|Massoud Barzani, president of the Kurdistan Regional Government, helped broker the political deal [REUTERS]|
Iraqi politicians have broken an eight-month political impasse by agreeing to take part in a new unity government headed by the incumbent prime minister, Nouri al-Maliki.
The Sunni-backed Iraqiya coalition, which had been opposing al-Maliki’s continuation in power, has decided to join his government.
“This is a great victory for Iraqi people, which regretfully came at a late stage,” Massoud Barzani, the president of the semi-autonomous Kurdistan region, said on Thursday after brokering the unity deal.

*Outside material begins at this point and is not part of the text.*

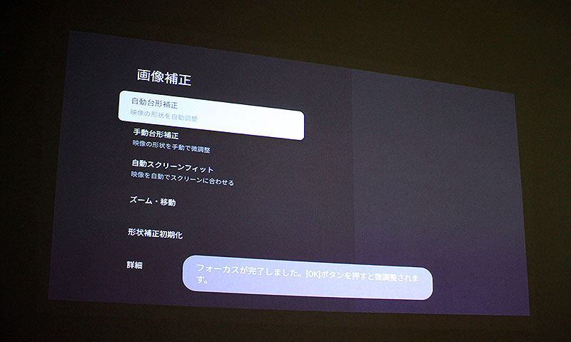 「設定」を開いて、自動台形補正をクリックするだけで、オートフォーカスと同時に、壁に斜めに映像をあてても、すぐにカチッと“真正面+角ピタ”に補正してくれる。

Iraqiya will join the Kurdish alliance in supporting another four-year term for al-Maliki following months of contentious negotiations.
The parliament convened in Baghdad, the capital, on Thursday for only the second time since an inconclusive March 7 election left Iraq without a government.
As first orders of business, members of parliament were to approve the power-sharing deal, appoint a new speaker and his deputies, and appoint the president and prime minister.
The positions of president and prime minister were set to go unchanged, but lawmakers voted in a new face, Sunni Arab politician Osama al-Nujaifi, as speaker of parliament.
Al-Nujaifi is a member of the Iraqiya party and maintains a power base in the north, particularly in Mosul, the city of his birth. Though his Arab nationalist attitudes reportedly caused problems with the Kurds, al-Nujaifi visited Arbil, the Kurdish capital, during government-formation talks.
Rounding out the country’s three major government positions, Jalal Talabani, leader of the Kurdish political coalition, is set to retain the largely ceremonial position of president.
Meanwhile, Iyad Allawi, a former prime minister and head of Iraqiya who is also favoured by the US, is expected to become the leader of a newly created Council for National Strategy, which will have authority over security.
Rageh said the strategic council is intended to serve as a check on the prime minister’s power.
“Al-Maliki emerged as a clear winner … But it’s not entirely bad news for the Sunnis,” Rageh said.
“Finally, fortunately, it’s done. It’s finished. All the groups are in it,” said Mahmoud Othman, a Kurdish politician who took part in the nearly seven hours of negotiations on Wednesday.
Ali al-Dabbagh, a government spokesman and member of al-Maliki’s State of Law coalition, said Iraqiya had decided after extensive talks to accept the parliament speaker’s job and cede al-Maliki the prime minister’s position.
Iraq has been without a government since the March 7 vote, which gave Iraqiya two more seats than State of Law.
Neither alliance had enough seats for a majority in parliament, forcing the factions to negotiate a government.
Over the past eight months, Iraqiya had repeatedly rejected another al-Maliki term and demanded the right to form the government as the top vote winner in the election.
Politicians from the National Alliance party, led by former prime minister Ibrahim al-Jaafari and including Shia cleric Muqtada al-Sadr, said they would proceed with government formation as long as they had a political majority – even if other blocs chose to boycott Thursday’s parliamentary session.
“We do not imagine a government that does not represent all Iraq’s factions … But the government does not and will not stop, God forbid, if a list stays behind,” al-Jaafari said.
Parliament met briefly in June, but politicians said they needed more time to decide who would hold the highest offices.
Last month, Iraq’s high court ordered parliament to resume its sessions, putting pressure on politicians to expedite a deal.
Despite receding Shia-Sunni violence, the long parliamentary deadlock has fuelled tension as US forces prepare to withdraw in 2011.
A series of attacks on Christian targets across Baghdad on Wednesday stirred renewed fear in the minority community.
The bomb and mortar blasts occurred just 10 days after a bloody siege at a Catholic cathedral in the capital that killed 52 people.